The FCA's position is clear: firms are expected to demonstrate that their AI is working in customers' interests, not simply assert it. The time to build that capability is before go-live, not after a supervisory visit.
Fortay Connect advises UK financial services firms on AI contact centre deployments that meet FCA and Consumer Duty requirements from the outset. If you are planning a deployment or reviewing your current AI governance framework, contact us to discuss your requirements
1. What does Consumer Duty require from AI in a financial services contact centre?
Consumer Duty requires AI to deliver good outcomes across four areas: appropriate product presentation, transparent pricing, clear communication, and effective customer support. AI cannot simply deflect queries; it must resolve them or escalate to a human agent when it cannot do so effectively.
2. Who is accountable for AI compliance under Consumer Duty?
A named Senior Manager under the Senior Managers and Certification Regime (SM&CR) must be designated as accountable for the AI system's performance and compliance before go-live. This person must have sufficient visibility and authority to act when the AI falls short of Consumer Duty requirements.
3. What metrics does the FCA expect firms to use for AI contact centre oversight?
The FCA expects outcome-based metrics, not just operational ones. Firms should track resolution quality rate, escalation appropriateness rate, complaint rate by interaction type, vulnerability detection rate, and consumer understanding confirmation rate alongside standard measures like CSAT and first contact resolution.
4. What is a Consumer Duty impact assessment for AI deployment?
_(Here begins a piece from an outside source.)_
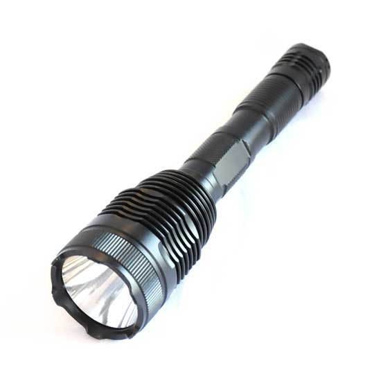 This high-power LED torch is constructed of a sturdy aluminum housing in a matte black finish. The LED torch emits bright and intense light beam in the darkness. It boasts a long battery life and requires little maintenance.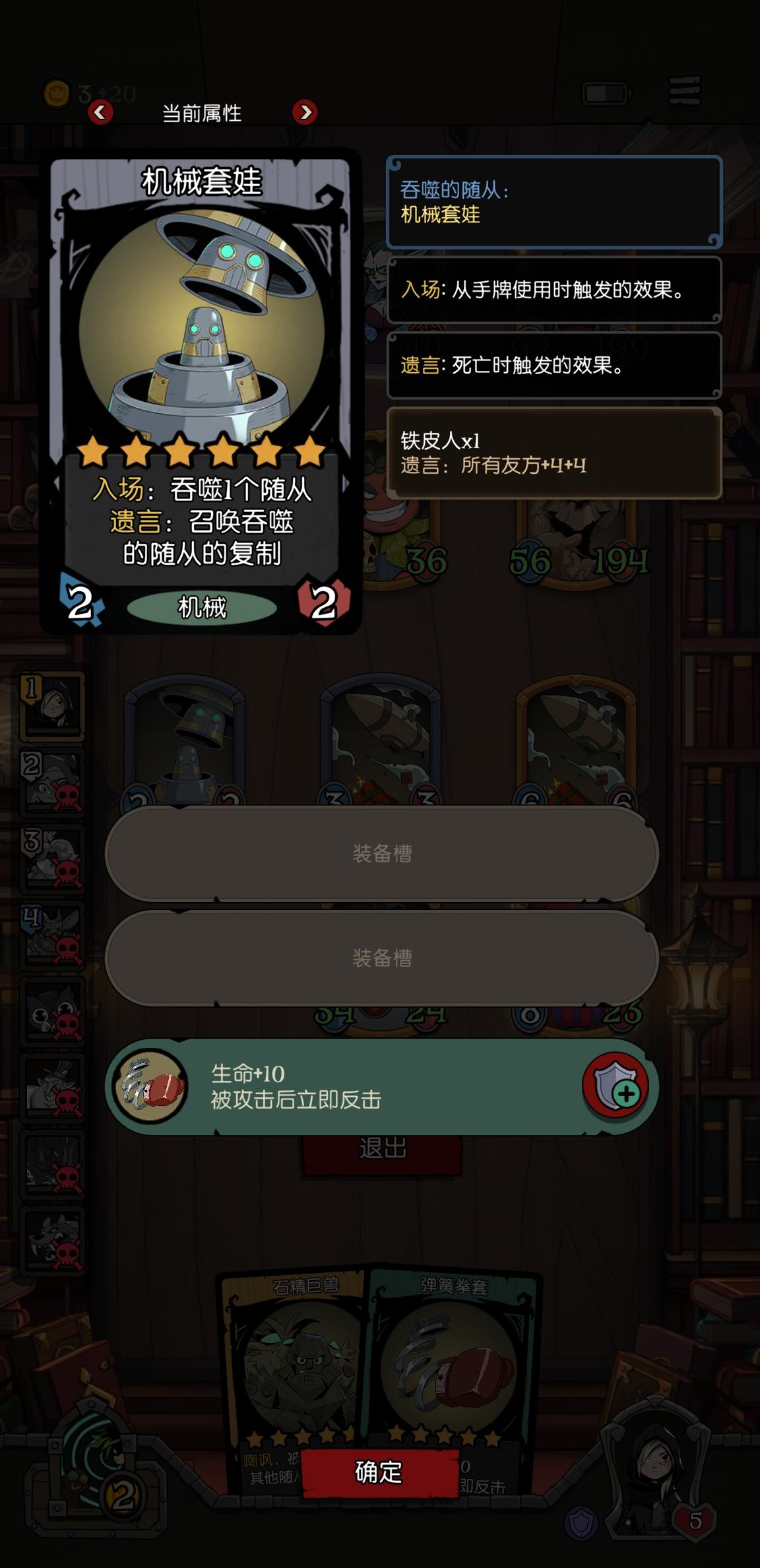 终极挑战,一个不那么看脸的可操作强的牌组(感谢论坛小伙伴的思路)【评论一楼有过程贴图】前言:试过很多流派核心的终极挑战,最后实操下来,这个牌组最容易get,也不会终极战前暴毙,属于前面搭建好了,后面一直再增强,躺就行。零、机械、幽灵必选———————————————————— 一、核心人物:幽灵船长(3星)、傅魂棺(5星)【前期方针——能升级就升级,苟住不死,所以升级奖励该用就用】~

A pre-deployment impact assessment documents how an AI system affects each of the four Consumer Duty outcomes. It identifies risks, mitigation measures, and the monitoring approach for each outcome area, creating a compliance evidence trail before the system goes live rather than after a problem emerges.
5. How often should firms review AI performance under Consumer Duty?
Monthly reviews are the minimum for a newly deployed AI system. Firms should maintain monthly monitoring for the first six months, then move to quarterly reviews once performance is stable, with the ability to revert to monthly if outcome metrics deteriorate. All reviews must be documented and retained.